The program opened with a keynote lecture by Jan-Åke Gustafsson that exhaustively reviewed the role of alteration of estrogens signalling system on many tissues and functions. Estrogen receptor ß (ERß) dysfunction is based on a genetic alteration and seems to be involved in the alterations of reproductive functions, cancer development, autoimmune disease pathophysiology in females plus many other diseases and disorders. The subsequent session was dedicated to some major challenges in reproductive health and, in particular, to those involving the interaction between genes and the environment such as the decrease in male fertility related to the endocrine disruptors like phthalates, that induces, among other disorders, Testicular Dysgenesis Syndrome, the trends in incidence of breast and prostate cancer and the influence of genes and environment on Polycystic Ovary Syndrome (PCOS).
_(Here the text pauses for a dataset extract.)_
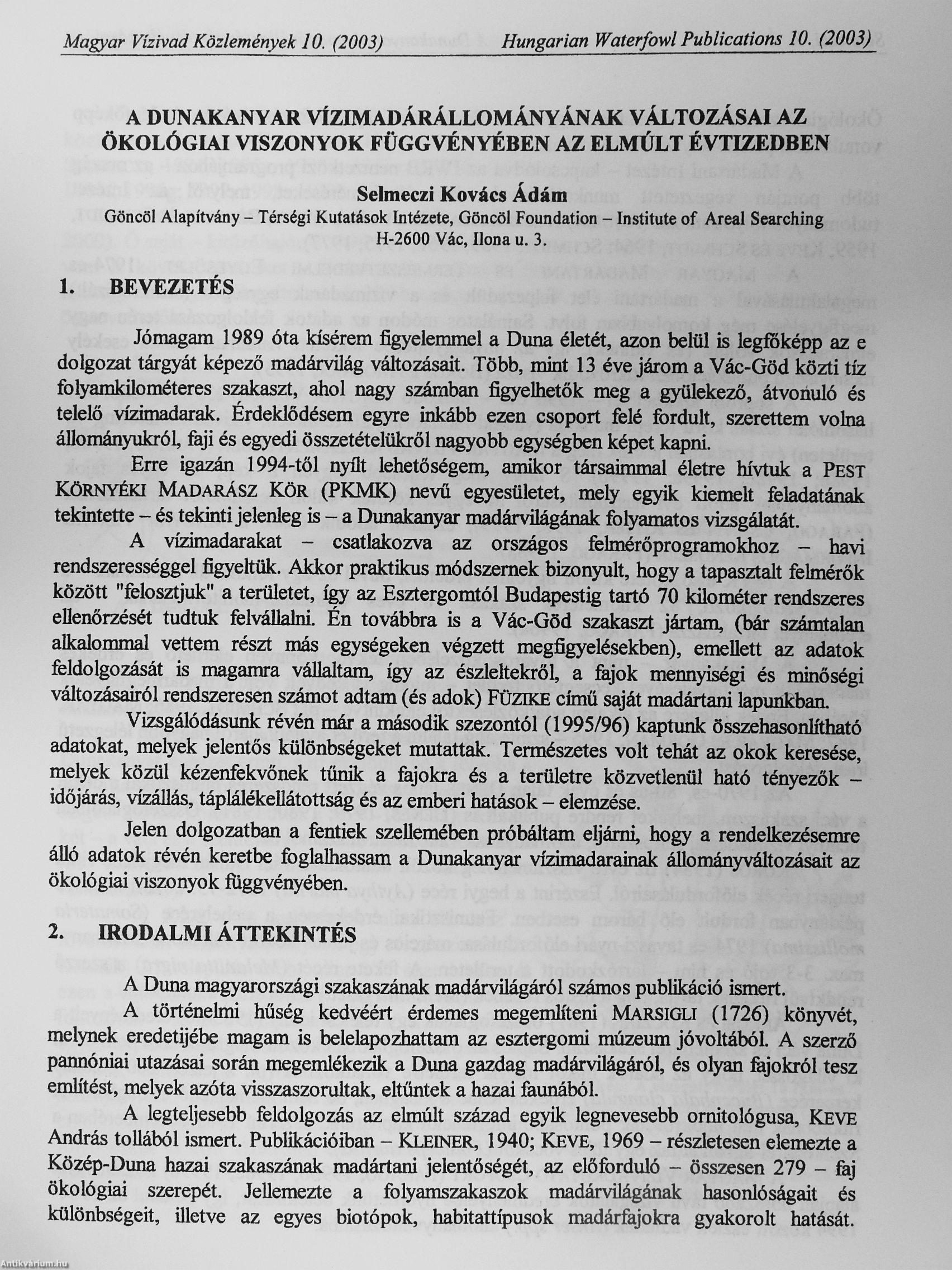 | Kiadó: | Nyugat-Magyarországi Egyetem Vadgazdálkodási Intézet Magyar Vízivad Kutató Csoport |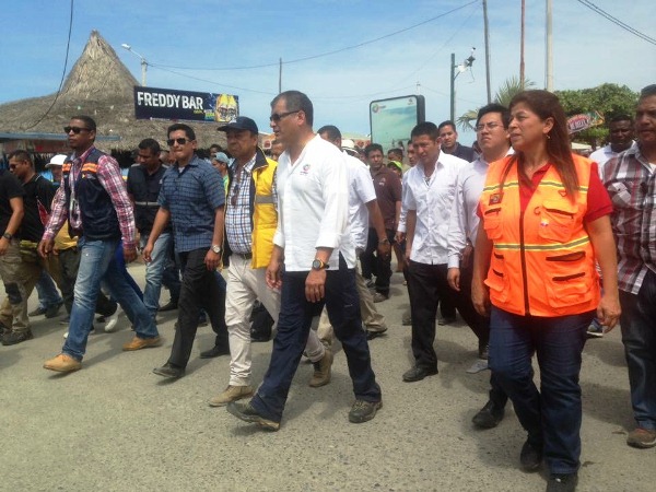 - Presidente Rafael Correa, visitó las zonas afectadas para constatar los daños causados por el temblor del día de hoy en horas de la madrugada.

Session two was dedicated to the effects of polymorphisms of LH, FSH and androgen receptors and 5-alfa-reductase enzyme receptors on fertility, male reproductive system development and cancer pathogenesis. The methodological aspects of genomics, proteomics and the epidemiology of gene-environment interaction were addressed in the session that opened day two. In particular, Paolo Vineis exhaustively addressed the aspects of genetic predisposition to cancer that usually have a relatively small influence on the pathophysiology of the disease without the important contribution of environmental factors. Only highly penetrating and rare mutations have been more strictly related to cancer development. Starting from these considerations, the speaker introduced the limitations and methodological bias of gene-environment interaction studies. After a session dedicated to selected oral presentations, where young researchers presented interesting results of their work, the other lectures were dedicated to the methodology of gene-environment interaction. The environment may affect human reproduction not only through toxic compounds, but also with psychological and social conditioning. Moreover, infertility, whatever the etiology, and assisted reproduction techniques become, in some individuals, ground of stress and mood disorders. Four lectures addressed all these aspects stimulating a lively discussion with the audience.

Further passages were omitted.